TRY IT. Every line in the records below with the string "Vitoligno" is to be copied out.

[Dataset entries]
====================
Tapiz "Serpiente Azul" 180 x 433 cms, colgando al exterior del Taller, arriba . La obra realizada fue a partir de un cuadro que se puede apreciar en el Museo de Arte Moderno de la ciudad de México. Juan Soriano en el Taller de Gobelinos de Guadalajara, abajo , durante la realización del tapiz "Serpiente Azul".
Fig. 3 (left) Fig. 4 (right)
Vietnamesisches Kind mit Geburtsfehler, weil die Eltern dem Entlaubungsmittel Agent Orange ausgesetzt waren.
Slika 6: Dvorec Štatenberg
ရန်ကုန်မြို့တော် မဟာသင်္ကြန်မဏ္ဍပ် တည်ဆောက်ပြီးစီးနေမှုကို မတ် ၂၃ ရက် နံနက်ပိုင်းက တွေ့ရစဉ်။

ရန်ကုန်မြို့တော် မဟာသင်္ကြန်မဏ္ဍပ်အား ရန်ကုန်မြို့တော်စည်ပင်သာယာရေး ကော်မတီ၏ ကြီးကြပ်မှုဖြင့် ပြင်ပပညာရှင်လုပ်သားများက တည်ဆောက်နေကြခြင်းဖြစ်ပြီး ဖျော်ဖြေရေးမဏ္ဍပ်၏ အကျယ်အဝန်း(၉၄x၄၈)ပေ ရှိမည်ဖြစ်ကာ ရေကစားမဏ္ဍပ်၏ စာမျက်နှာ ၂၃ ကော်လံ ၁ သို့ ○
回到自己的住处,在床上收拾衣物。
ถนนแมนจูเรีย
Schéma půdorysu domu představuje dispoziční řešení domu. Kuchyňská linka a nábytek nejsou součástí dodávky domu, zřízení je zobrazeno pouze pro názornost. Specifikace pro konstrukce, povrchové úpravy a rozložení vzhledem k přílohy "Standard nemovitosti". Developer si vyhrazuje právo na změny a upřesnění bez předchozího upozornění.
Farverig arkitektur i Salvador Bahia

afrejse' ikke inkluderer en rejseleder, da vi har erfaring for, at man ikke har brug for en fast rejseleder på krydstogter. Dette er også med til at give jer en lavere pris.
====================
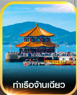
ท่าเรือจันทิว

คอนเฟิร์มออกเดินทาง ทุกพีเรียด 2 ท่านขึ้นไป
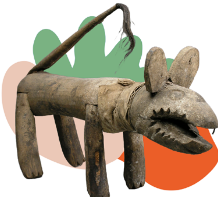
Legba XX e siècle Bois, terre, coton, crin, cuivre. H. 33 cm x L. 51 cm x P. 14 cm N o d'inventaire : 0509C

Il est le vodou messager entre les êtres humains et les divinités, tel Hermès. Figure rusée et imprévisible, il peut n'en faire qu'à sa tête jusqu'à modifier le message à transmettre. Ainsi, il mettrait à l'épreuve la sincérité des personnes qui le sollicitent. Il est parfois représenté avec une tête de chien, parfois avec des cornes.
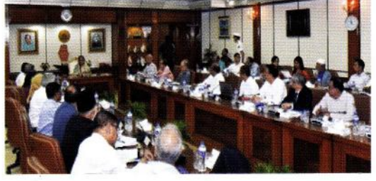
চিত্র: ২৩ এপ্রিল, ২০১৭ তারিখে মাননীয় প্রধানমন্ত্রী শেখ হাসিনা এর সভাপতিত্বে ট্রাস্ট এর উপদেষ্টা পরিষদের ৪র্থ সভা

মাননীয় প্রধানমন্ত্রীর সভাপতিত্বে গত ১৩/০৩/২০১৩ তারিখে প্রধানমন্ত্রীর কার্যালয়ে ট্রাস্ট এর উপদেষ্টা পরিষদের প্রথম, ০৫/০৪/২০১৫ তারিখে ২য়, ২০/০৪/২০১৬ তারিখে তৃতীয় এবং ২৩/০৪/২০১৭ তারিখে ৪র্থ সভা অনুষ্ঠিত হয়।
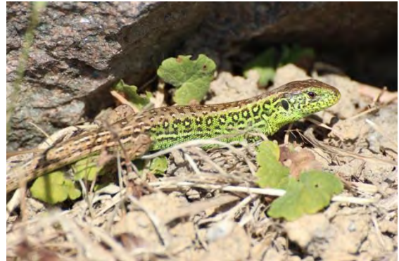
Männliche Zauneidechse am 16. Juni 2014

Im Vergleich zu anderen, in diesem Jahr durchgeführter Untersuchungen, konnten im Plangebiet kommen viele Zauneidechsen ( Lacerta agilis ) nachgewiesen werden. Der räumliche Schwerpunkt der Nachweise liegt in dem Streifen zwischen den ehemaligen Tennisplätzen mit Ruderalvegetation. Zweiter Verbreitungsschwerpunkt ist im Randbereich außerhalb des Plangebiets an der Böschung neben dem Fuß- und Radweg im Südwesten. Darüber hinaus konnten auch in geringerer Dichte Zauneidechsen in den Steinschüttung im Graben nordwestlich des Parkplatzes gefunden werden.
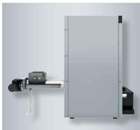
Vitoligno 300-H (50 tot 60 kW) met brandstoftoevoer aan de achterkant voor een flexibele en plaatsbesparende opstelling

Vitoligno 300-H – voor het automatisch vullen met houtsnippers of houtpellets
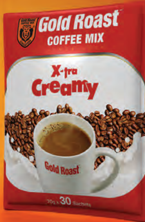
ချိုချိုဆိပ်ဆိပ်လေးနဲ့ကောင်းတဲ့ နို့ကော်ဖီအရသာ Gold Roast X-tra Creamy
====================
WRITTEN ANSWER.
Vitoligno 300-H (50 tot 60 kW) met brandstoftoevoer aan de achterkant voor een flexibele en plaatsbesparende opstelling
Vitoligno 300-H – voor het automatisch vullen met houtsnippers of houtpellets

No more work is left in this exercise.